— Dataset content —
========

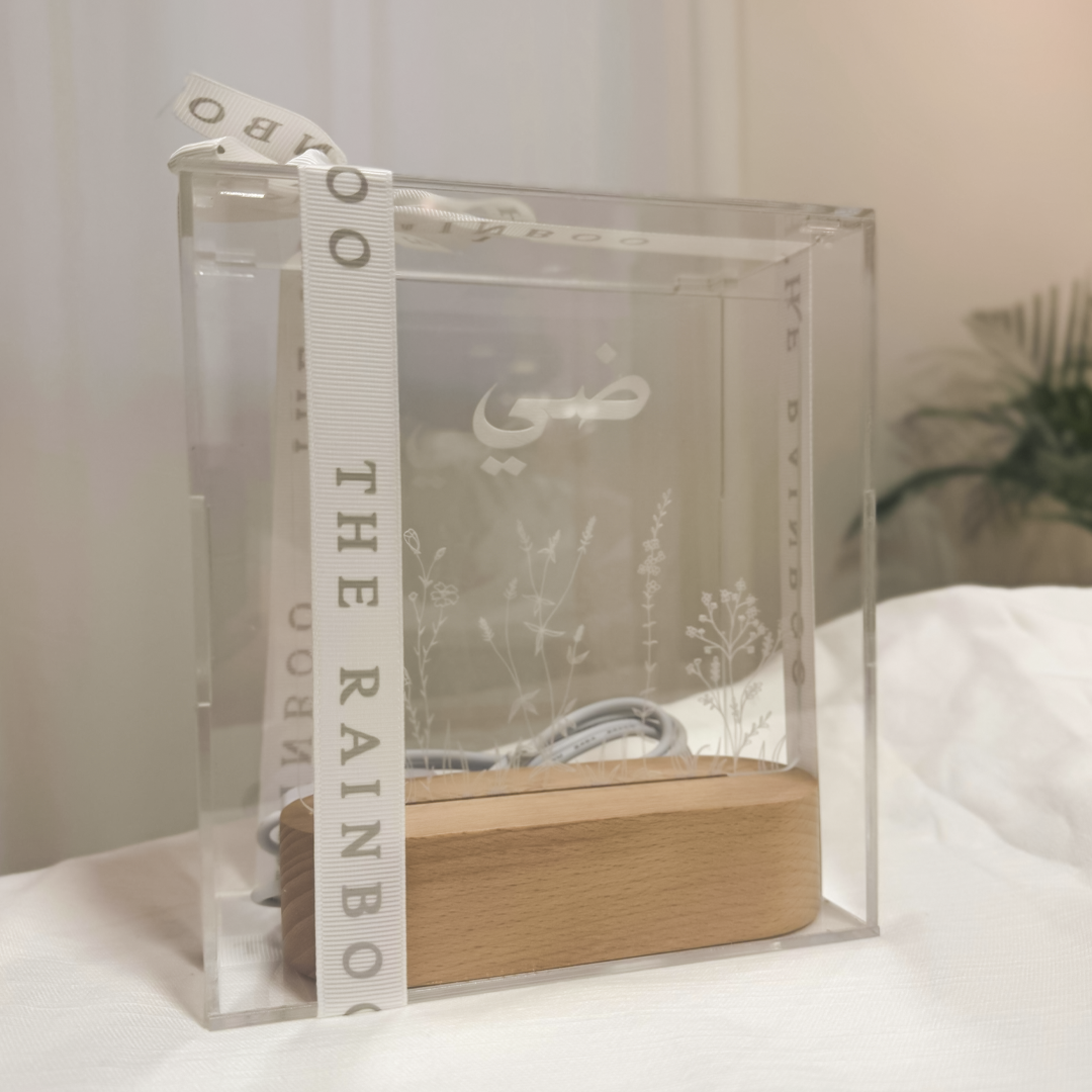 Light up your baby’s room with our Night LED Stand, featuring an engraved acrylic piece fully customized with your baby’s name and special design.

========

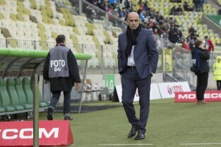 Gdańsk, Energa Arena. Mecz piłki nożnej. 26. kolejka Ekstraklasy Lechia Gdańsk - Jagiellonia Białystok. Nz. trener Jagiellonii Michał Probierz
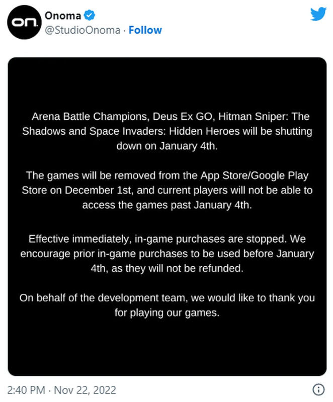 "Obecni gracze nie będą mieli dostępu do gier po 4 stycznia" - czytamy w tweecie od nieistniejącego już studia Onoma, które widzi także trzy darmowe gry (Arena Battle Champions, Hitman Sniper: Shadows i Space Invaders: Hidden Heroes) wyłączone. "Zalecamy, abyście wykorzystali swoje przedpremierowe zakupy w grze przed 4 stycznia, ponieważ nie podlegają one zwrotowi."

========

— Exercise instructions —
What you write must match the listing exactly, from the line with "Gdańsk, Energa Arena." up to and including the line with "gracze nie będą". Pictures stay out.

— Solution for this task —
 Gdańsk, Energa Arena. Mecz piłki nożnej. 26. kolejka Ekstraklasy Lechia Gdańsk - Jagiellonia Białystok. Nz. trener Jagiellonii Michał Probierz
 "Obecni gracze nie będą mieli dostępu do gier po 4 stycznia" - czytamy w tweecie od nieistniejącego już studia Onoma, które widzi także trzy darmowe gry (Arena Battle Champions, Hitman Sniper: Shadows i Space Invaders: Hidden Heroes) wyłączone. "Zalecamy, abyście wykorzystali swoje przedpremierowe zakupy w grze przed 4 stycznia, ponieważ nie podlegają one zwrotowi."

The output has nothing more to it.